For those in need of asserting family violence, or defending your parenting time against same accusations...
At a glance... there seems to be a conflict between the section on Family Violence s. 24(4) of the CLRA, and that past conduct shall not be considered s. 24(5).
As in all things law, "it depends" prevails. There's a nuance in how to reconcile the two, and the clue is in 24(5) which reads:
(5) In determining what is in the best interests of the child, the court shall not take into consideration the past conduct of any person, unless the conduct is relevant to the exercise of the person’s decision-making responsibility, parenting time or contact with respect to the child.
Bare with me... I am going to make some unsavory arguments for the sake of explanation.
The one who is accused of the violence can point to 24(5) and say "that abuse doesn't matter, my past conduct with my ex should not impact my access time". And that argument can have some merit, but its the nature of the violence that comes into play, which is addressed in detail with 24(4).

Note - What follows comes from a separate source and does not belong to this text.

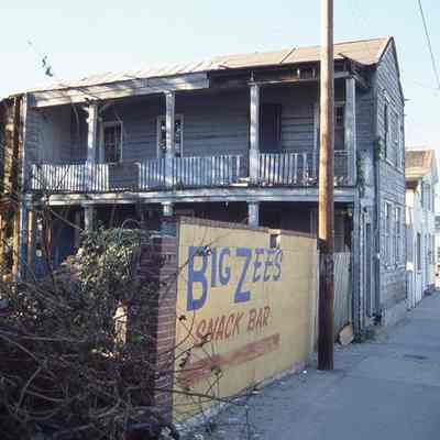 c: 491 Meeting Street and 493 Meeting Street. Directional sign for "Big Zees Snack Bar" painted on brick wall in foreground.

For example, if the violence amounted to a single push, or even a slap.. a one off (yes - please don't judge - I am giving examples) that was done outside of view of the child and was by all accounts completely out of character; it would be an up hill battle to put forward the argument that this one act should deprive the child of a parent.

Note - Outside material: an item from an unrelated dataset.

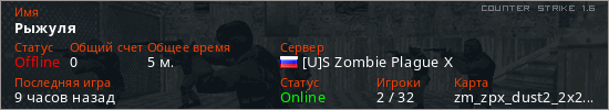 Играет на Counter Strike 1.6 сервере. Страна: РоссияПервый раз замечен 20:35 26.04.2026
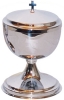 ![]() | GALHETAS: Recipientes onde se coloca a água e o vinho para serem usados na Celebração Eucarística. | ![]() | TECA: Pequeno recipiente onde se leva a comunhão para pessoas impossibilitadas de ir à Missa. |

HOWEVER. If there was repeated violence or coercive control that had a long term systemic impact on the other parent, or was done in front of the child that would cause the child trauma by "reliving" that trauma every time Mom and Dad were together; then that could be a compelling argument to restrict access because there would be emotional harm done to the child.
The perception here is always through the eyes of the child and how it affects the child, not so much the abused parent (that's not entirely correct but I am dumbing down the argument here a bit). If that past violence doesn't affect the child moving forward, and there's no evidence to show that violence would most likely continue or spill over onto the child, then 25(5) (past conduct not be considered) will probably prevail.

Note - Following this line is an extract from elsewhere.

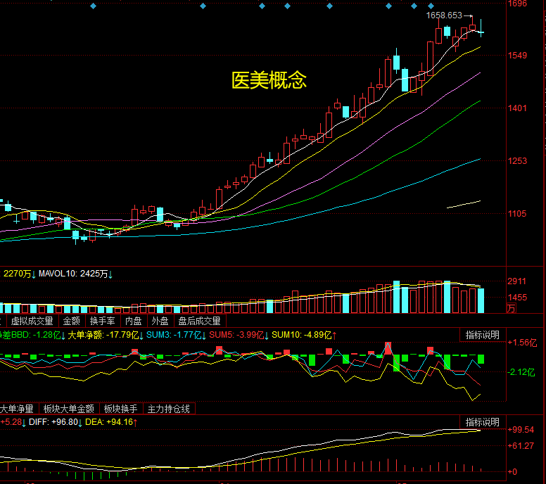 评价应对: 北向资金回来砸盘,指数回踩震荡,情绪共振分化回落 。高位抱团股+老主流的钱不好赚, 688068热景生物+300069旗天科技+601127小康股份+000615奥园美谷+600172黄河旋风+603518锦弘集团今日集体大跌,医美指数面临死叉、板块内赚钱效应并不好,唯有002612朗姿股份万绿丛中一点红, 为明后天的潜在修复预期留下活口。 昨晚复盘说过医美概念、锂电+新能源车这些持续性大主流、近期以打日内优质首板、或在高辨识度的核心票里高抛低吸套利为好、但总结这几天的板块赚钱效应,会 发现其实不太好赚。今天高位抱团票出现大跌或跌停,高低切换新老交接的操作应该更好 ,也即参与新的、日内强度足够爆的热点方向 :如近期赚钱效应还不错的证券、蠢蠢欲动的VR/AR+游戏等。

BUT... if the abused can show the court that access the the child will likely spill over onto the child, or the abuse would continue in some way (this is more of a coercive nature not so much physical as if it were physical abuse the net result would be the parent in jail, problem solved), then access could be limited to protect the mother and child jointly from the ongoing trauma.
So history, the nature of the abuse, and the pervasiveness of the abuse post separation; and how it would directly affect the child is the argument to hone in on.